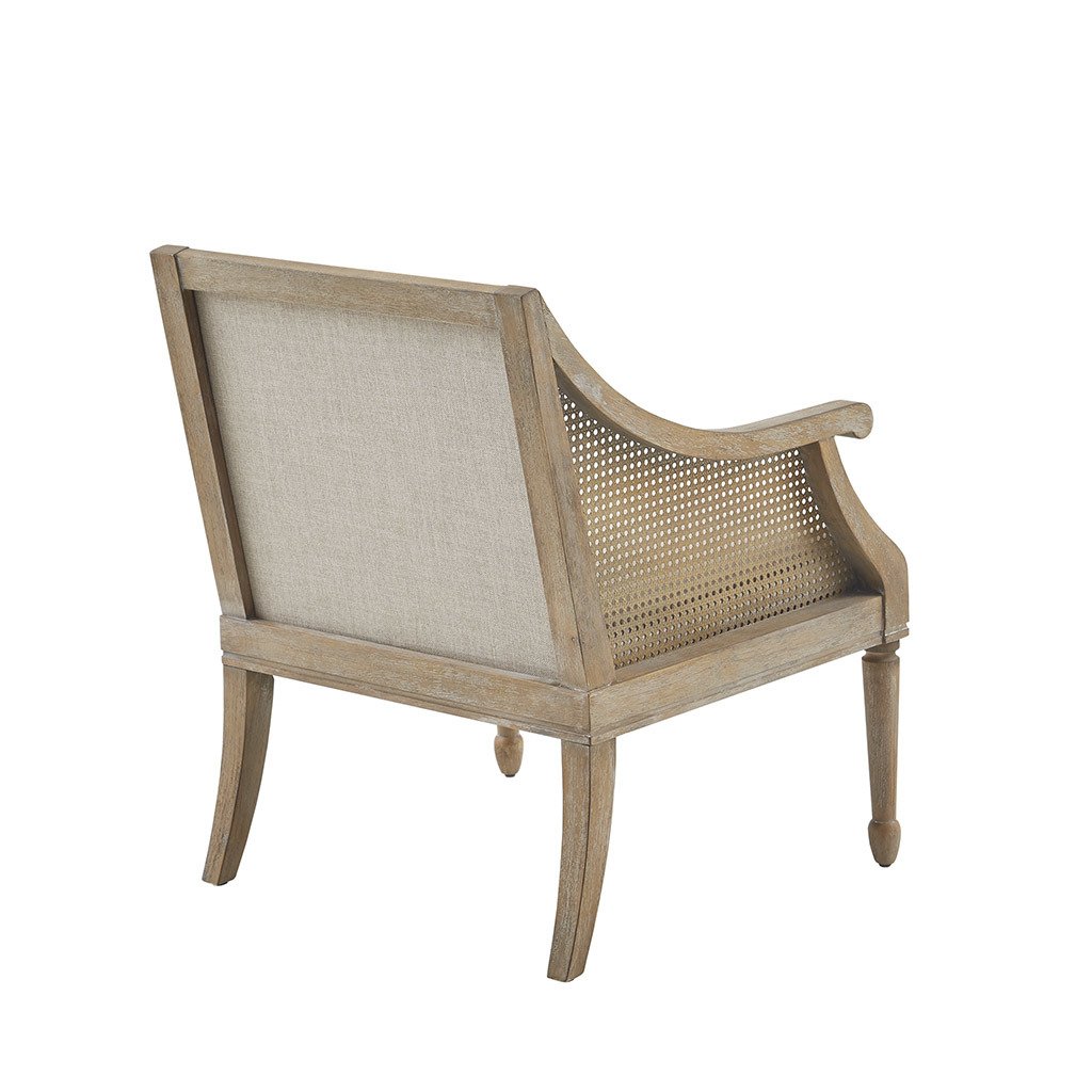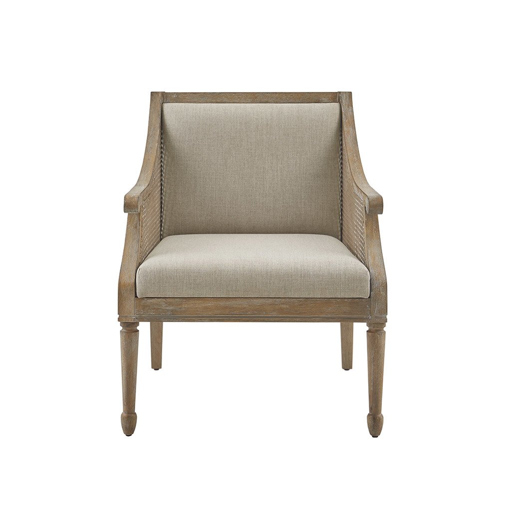 Frame: Solid woodLeg: Solid woodArm: Solid wood and caneUpholstery Fabric: 100% polyesterCushion: FoamWood Finish: Reclaimed natural
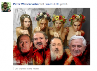 Peter Weisenbacher zdieľa a hlási sa k fotomontáži radikálnej feministickej skupiny FEMEN, na ktorej sú zobrazené odrezané hlavy ruského prezidenta Putina, bieloruského prezidenta Lukašenka, moskovského patriarchu Kirila I. a pápeža Benedikta XVI.
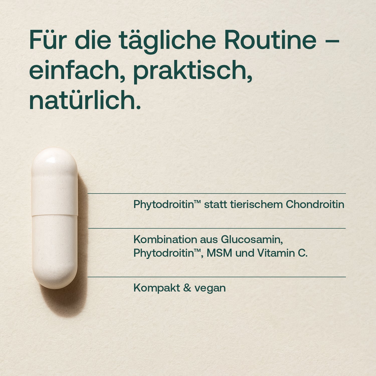 Die Kombination aus Glucosamin und dem patentierten Markenrohstoff Phytodroitin™ bietet eine zu 100 % pflanzliche Alternative zu herkömmlichem Chondroitin. -

------------------------------------------------------------

● What to produce
Reprint the whole listing above exactly, taking out the pictures.

● Result for this exercise
 Frame: Solid woodLeg: Solid woodArm: Solid wood and caneUpholstery Fabric: 100% polyesterCushion: FoamWood Finish: Reclaimed natural
 Peter Weisenbacher zdieľa a hlási sa k fotomontáži radikálnej feministickej skupiny FEMEN, na ktorej sú zobrazené odrezané hlavy ruského prezidenta Putina, bieloruského prezidenta Lukašenka, moskovského patriarchu Kirila I. a pápeža Benedikta XVI.
 Die Kombination aus Glucosamin und dem patentierten Markenrohstoff Phytodroitin™ bietet eine zu 100 % pflanzliche Alternative zu herkömmlichem Chondroitin. -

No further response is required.